In Deutschland hat Liebknecht, erfolgreicher und geschickter als es irgendwo sonst geschehen ist, eingeleitet wie durchgeführt, was die Londoner Häuptlinge unter revolutionärer Aufregung und Erbitterung der Arbeiter verstehen Das gewerbsmäßige Ausrotten des Glaubens an die sittlichen Grundlagen von Gesellschaft und Staat, das Entstellen und unterdrücken geschichtlicher Thatsachen, das grundsätzliche Schmähen des Vaterlandes, seiner höchste Güter und seiner theuersten Ueberlieferungen, das aufreizende Gerede von der Aussichtslosigkeit jeder friedlichen Reform, von der Unvermeidlichkeit eines gewaltsamen Umsturzes, das persönliche Beschimpfen und Verleumden jedes noch so sachlichen Gegners, alles das ist von diesem blinden und gewissenlosen Fanatiker in ein weitverzweigtes System gebracht worden, und zwar zunächst noch immer unter particularistischer Maske. Ueberhaupt wäre es bei Liebknecht’s abstoßendem und unsympathischem Wesen wohl die Frage einer langen Zeit gewesen, wann er einen namhaften Anhang unter den deutschen Arbeitern gewonnen hätte, wenn es ihm nicht gelungen wäre, einen einzelnen einflußreichen Arbeiter, den Drechsler Bebel, in die Gedankennetze des internationalen Arbeiterbundes zu verstricken. Bis dahin war Bebel ein heftiger Gegner Lassalle’s, ein eifriger Anhänger der Fortschrittspartei, ja in gewissem Sinne der Führer aller fortschrittlich gesinnten Arbeiter in Deutschland gewesen. Er spielte von jeher eine große Rolle in dem „Verbande deutscher Arbeitervereine“, den die Fortschrittspartei gegründet hatte, um der socialdemokratischen Agitation entgegen zu wirken, er war seit 1865 Mitglied, seit 1867 sogar Vorsitzender des Ausschusses, welcher den Verband leitete. In demselben waren mehr als hundert Vereine vertreten, die mehr als fünfzehntausend Mitglieder umfaßten. Diese erlesene Schaar ehrenwerther und einsichtiger Arbeiter war ausersehen, die Kerntruppe in dem streitenden Heere des Zukunftsstaates zu werden, und nach dreijährigem Werben wurde sie es, nicht sowohl durch Liebknecht’s, als durch Bebel’s Einfluß und Mühe.
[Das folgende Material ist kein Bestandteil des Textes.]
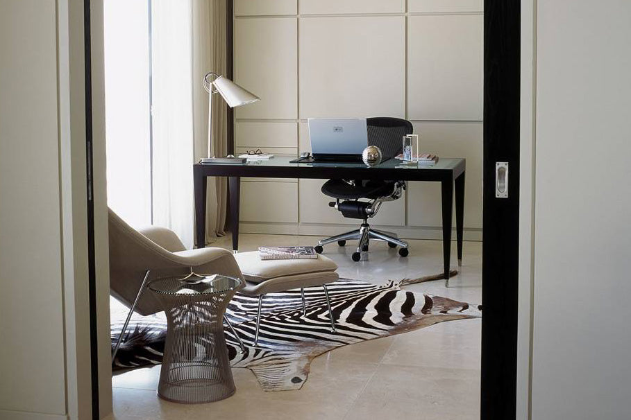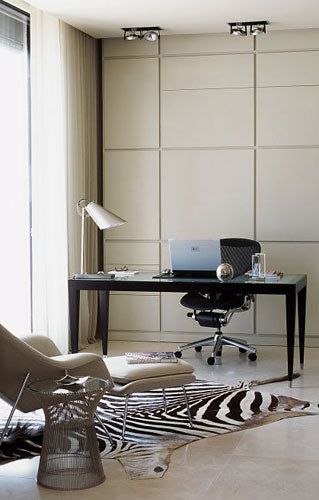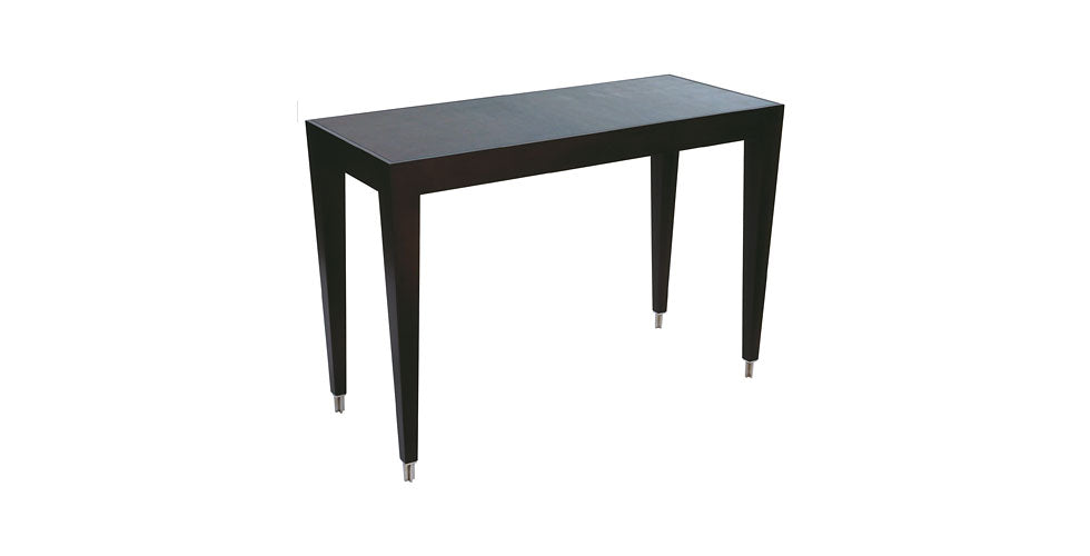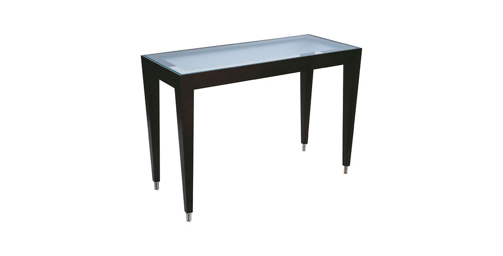 ‘Floating’ glass top table with tapered wood leg and custom nickel foot.

Was diesem einfachen, aus dem ärmste Proletariat hervorgegangenen Arbeiter so große Erfolge verschafft hat, ist nicht eigentlich eine hervorragende Begabung, noch weniger ein ungewöhnliches Wissen, sondern die Macht und Wucht seiner ganzen Persönlichkeit, in welcher sich alle kennzeichnenden Eigenschaften derjenigen modernen Arbeiter vereinigen, die mit ernstem Bewußtsein einen höheren Antheil an den Gütern der modernen Cultur erstreben, als ihnen augenblicklich beschieden ist. Fleißig, geschickt, treu in seinem Berufe, sittenrein in seinem bürgerlichen Leben, geistig rege, scharfsinnig, mit einer Art instinctiven Blickes begabt für große Gesichtspunkte und dabei doch anspruchslos, bescheiden, selbstlos in seinem öffentlichen Wirken, ist er gleichsam die classische Gestalt der heutigen socialdemokratischen Bewegung, so weit dieselbe einen ernsthaften geschichtlichen Hintergrund hat.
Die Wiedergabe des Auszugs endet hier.